049
HUCURAT SURESİ
Rahman
ve Rahîm olan Allah'ın adıyla.
[1] Ey iman edenler! Allah'ın ve Resûlünün önüne geçmeyin. Allah'tan korkun. Şüphesiz Allah işitendir,
bilendir.
[2] Ey iman edenler! Seslerinizi Peygamberin sesinin
üstüne yükseltmeyin. Birbirinize bağırdığınız gibi, Peygamber'e yüksek sesle
bağırmayın; yoksa siz farkına varmadan amelleriniz boşa gidiverir.
[3] Allah'ın elçisinin huzurunda seslerini kısanlar,
şüphesiz Allah'ın kalplerini takvâ ile imtihan ettiği kimselerdir. Onlara
mağfiret ve büyük bir mükâfat vardır.
[4] (Resûlüm!) Sana odaların arka tarafından
bağıranların çoğu aklı ermez kimselerdir.
[5] Eğer onlar, sen yanlarına çıkıncaya kadar
sabretselerdi, elbette kendileri için daha iyi olurdu. Allah çok bağışlayan,
çok esirgeyendir.
[6] Ey iman edenler! Eğer bir fâsık
size bir haber getirirse onun doğruluğunu araştırın. Yoksa bilmeden bir
topluluğa kötülük edersiniz de sonra yaptığınıza pişman olursunuz.
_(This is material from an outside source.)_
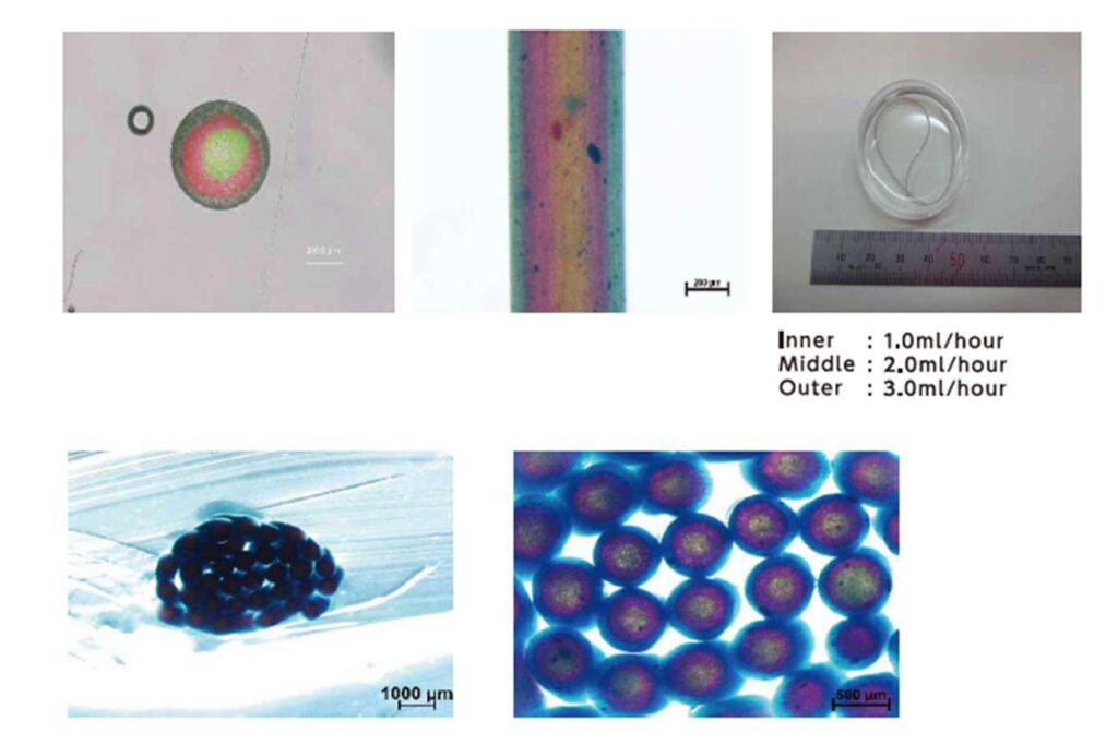 芯側(bore):非ゲル化溶液 アルギン酸プロピレングリコール(PGA)+スクロース
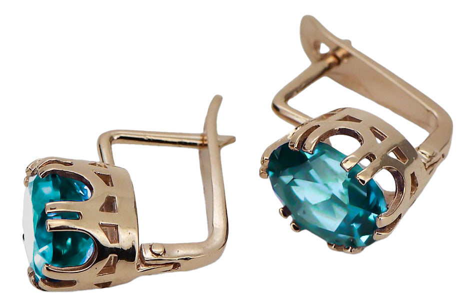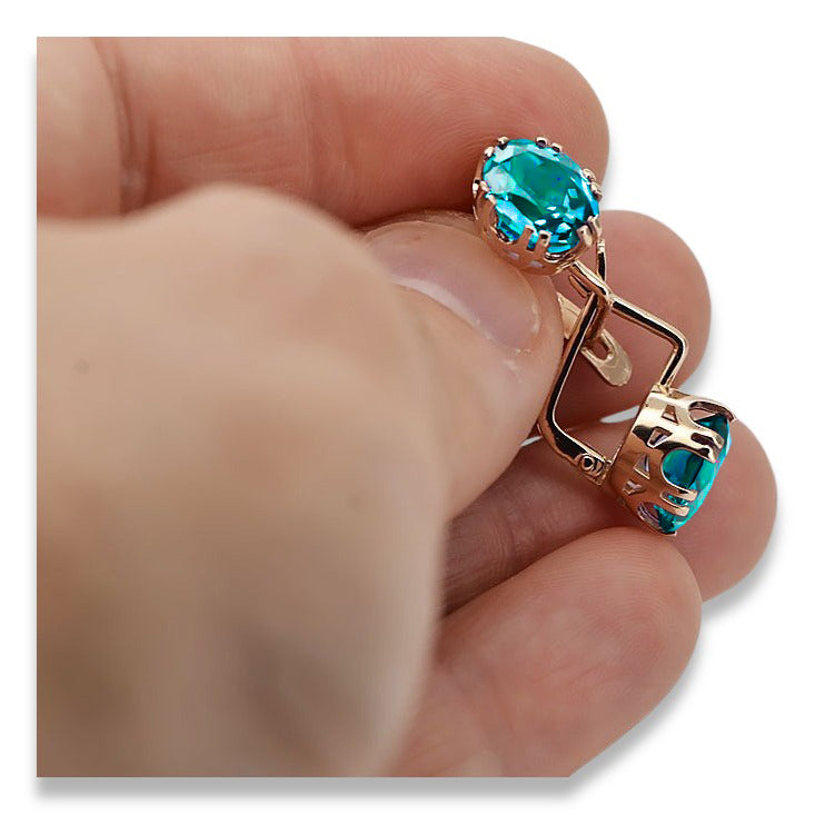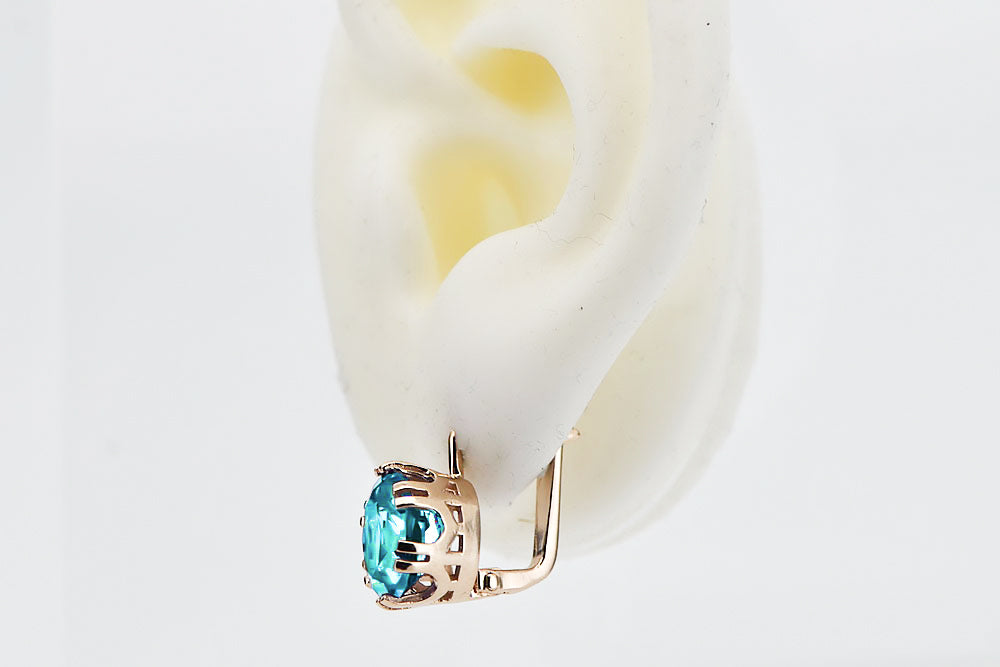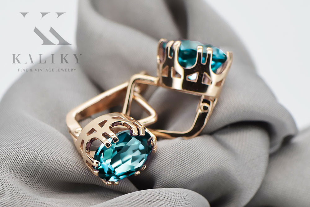 Immerse yourself in the captivating allure of a bygone era with these exquisite Aquamarine Original Vintage 14K Rose Gold Earrings. A testament to enduring craftsmanship and timeless design, these earrings embody the elegance and sophistication of Russian vintage jewelry. These stunning earrings, a true piece of soviet jewelry, will add a touch of refined luxury to any ensemble and are sure to become a cherished heirloom.

[7] Hem bilin ki, içinizde Allah'ın elçisi vardır. Şayet
o, birçok işlerde size uysaydı, sıkıntıya düşerdiniz. Fakat Allah size imanı
sevdirmiş ve onu gönüllerinize sindirmiştir. Küfrü, fıskı
ve isyanı da size çirkin göstermiştir. İşte doğru yolda olanlar bunlardır.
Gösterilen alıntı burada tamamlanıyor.